* EXERCISE AIM
Quote the lines below from the one containing "Click for More" to the final line, both ends included; exclude the pictures.

* COLLECTED MATERIAL
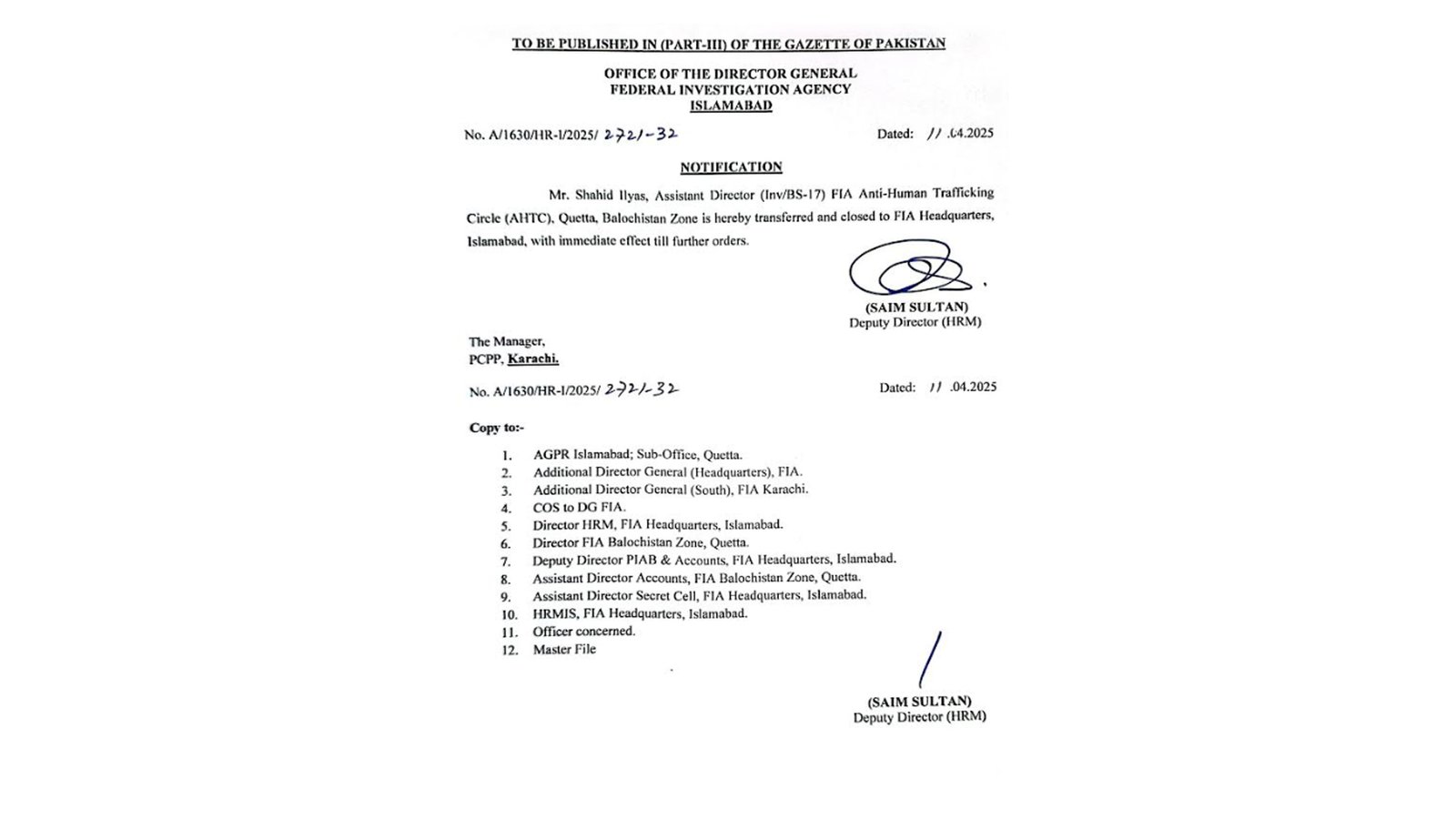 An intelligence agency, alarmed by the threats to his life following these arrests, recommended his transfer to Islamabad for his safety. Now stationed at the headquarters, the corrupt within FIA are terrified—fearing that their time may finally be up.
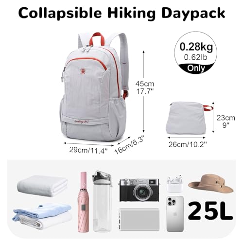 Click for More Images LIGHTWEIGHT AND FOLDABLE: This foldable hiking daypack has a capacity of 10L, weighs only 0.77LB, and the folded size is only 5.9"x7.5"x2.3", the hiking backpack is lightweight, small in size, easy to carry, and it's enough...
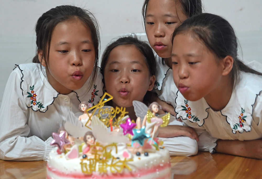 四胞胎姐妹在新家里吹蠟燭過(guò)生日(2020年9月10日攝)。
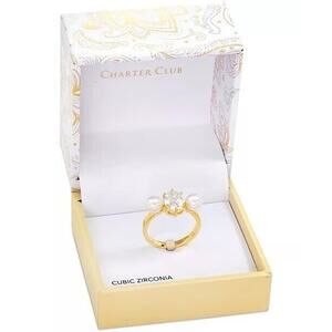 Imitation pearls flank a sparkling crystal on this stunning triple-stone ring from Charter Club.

* ANSWER TO THE EXERCISE
 Click for More Images LIGHTWEIGHT AND FOLDABLE: This foldable hiking daypack has a capacity of 10L, weighs only 0.77LB, and the folded size is only 5.9"x7.5"x2.3", the hiking backpack is lightweight, small in size, easy to carry, and it's enough...
 四胞胎姐妹在新家里吹蠟燭過(guò)生日(2020年9月10日攝)。
 Imitation pearls flank a sparkling crystal on this stunning triple-stone ring from Charter Club.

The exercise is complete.